Шил в Кособродском заводе один мужик, по прозванию Крохаль. Это был настоящий богатырь — высокий, плечистый, широкий в кости, с железной рукой; он в свободное от заводской работы время промышлял зверованьем и на своем веку залобовал за сорок медведей. Как все слишком развитые физически люди, старый Крохаль не получил соответствующего развития умственных способностей и даже был «слабоват головой»; избыток материи перевешивал в нем более тонкие психические отправления. Между прочим, этот медведь в человеческом образе испытывал какой-то панический ужас, когда ему приходилось идти в заводскую контору или к приказчику; Крохаль всегда говорил, что ему лучше идти один на один на медведя, чем к начальству. Извиняющим обстоятельством для старого Крохаля было только то жестокое крепостное время, когда на заводах с рабочими обращались, как с преступниками, даже хуже. По необъяснимой игре природы, у богатыря Крохаля был сын, лядащий мужичонко Савка Крохаленок, и, по еще более необъяснимой игре природы, в этом лядащем Крохаленке от младых погтей проявились именно те самые душевные свойства, каких недоставало отцу. Начать с того, что Савка Крохаленок не боялся решительно никого и ничего на свете и гордо отстаивал свое «я» от всяких поползновений на его неприкосновенность. Сначала мальчишки, потом подростки и мужики — все узнали в Савке особенного человека, которого не тронь. Одним словом, Крохаленок оказался отчаянной башкой, которому везде было по колено море и все — трын-трава. Старики дивились в Савке его необыкновенному уму: он все понимал по-своему и все умел представить в самом смешном виде с той беспощадной иронией, на какую способны только особенные мужицкие мозги. Савка и говорил не как люди, а совсем по-своему, как говорят все талантливые выродки и отщепенцы: мысль выражалась полусловами, намеками, загадками, точно это была бурлившая горная речка, которая прокладывала себе извилистое течение через тысячи препятствий.

— Уж Савка скажет — как завяжет! — дивилось мужичье. — Мудреный, пес…

— Не больно завидно мудренее вас-то быть, — огрызается Савка. — Все вы, как бараны, друг за дружкой ходите… Всякий своего ума боится.
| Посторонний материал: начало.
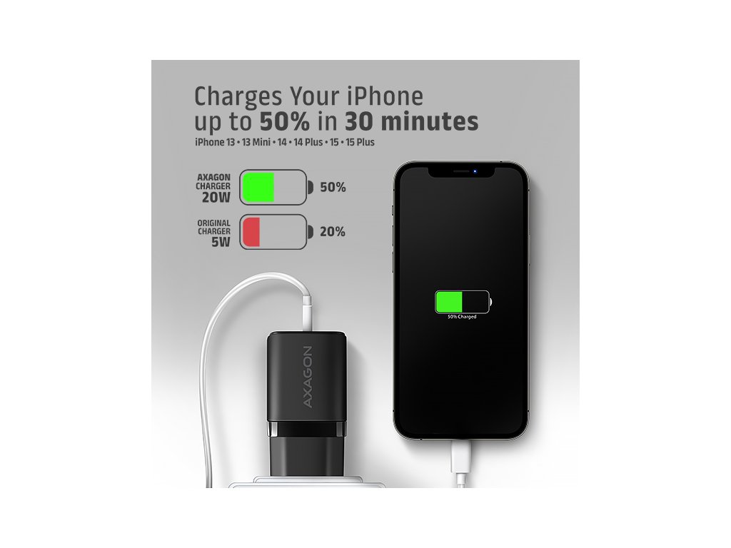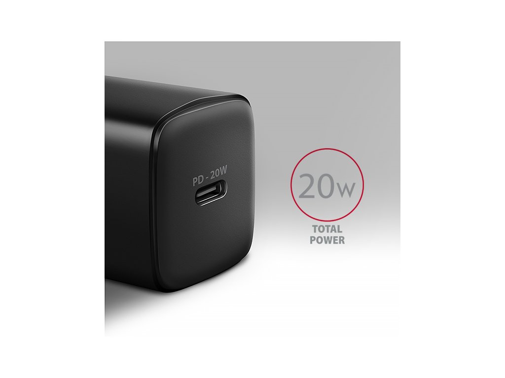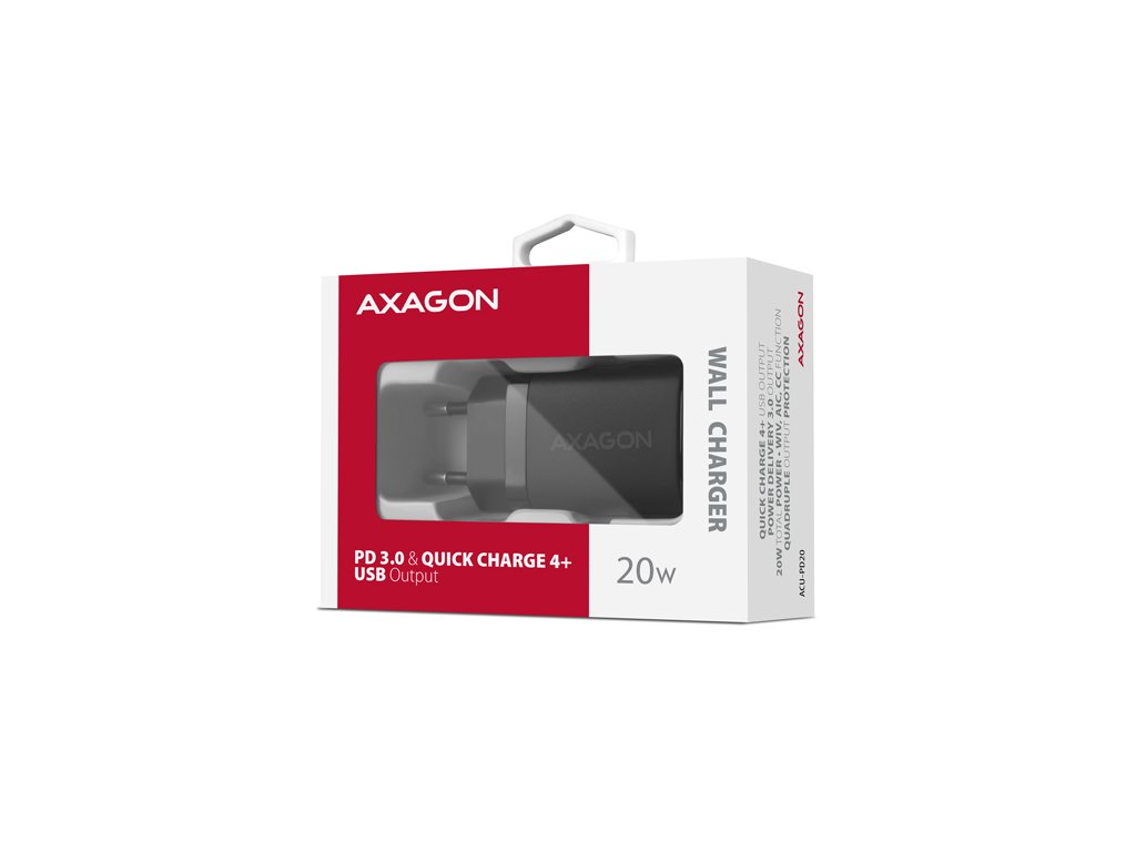 AXAGON ACU-PD20, nabíječka do sítě 20W, 1x port USB-C, PD3.0/PPS/QC4+/AFC/Apple, černá

— А ты поживи за нас своим-то умом, Савка.

— И поживу.

Особенному человеку Савке скоро вышла и особенная судьба. Он работал на заводской фабрике, в кричной; на фабрике же при дровосушных печах работала и Анка. Что понравилось Савке в ней — трудно сказать, но только он крепко привязался к Анке и везде ходил за ней, как хороший гусь. Вероятно, эта связь прикрылась бы венцом и был бы тому делу конец, но, на беду Савки, не так вышло. Приказчик в Кособродском на ту пору случился Чернобровин, из крепостных служащих; это был благочестивый тихонький старичок, большой охотник до ядреных и рослых баб. Чернобровин увязался за Анкой и при помощи своих клевретов получил желаемое, то есть в одну прекрасную ночь Анка очутилась в господском доме, прямо в когтях благочестивого старца. Вся фабрика замерла в ожидании, что выкинет Савка Крохаленок по такому исключительному случаю. И Савка действительно выкинул: Чернобровина нашли задушенным в своей квартире, причем преступление было совершено среди белого дня с отчаянной смелостью. Наехал суд, и первым делом, конечно, схвачен был Савка. Несмотря на всевозможные подходцы и придирки, прямых улик против Савки суд не мог найти и до окончания дела препроводил Савку в острог. С этого момента в жизни Савки начинается ряд подвигов, прославивших его имя на несколько уездов: он шесть раз уходил из острога, наводил грозу на целые селения и снова попадался в острог благодаря своей слабости к родному гнезду и к своей Анке. Он не мог прожить больше году, чтобы не объявиться в Кособродском, и притом являлся всегда смело, с отчаянной энергией и замечательным хладнокровием.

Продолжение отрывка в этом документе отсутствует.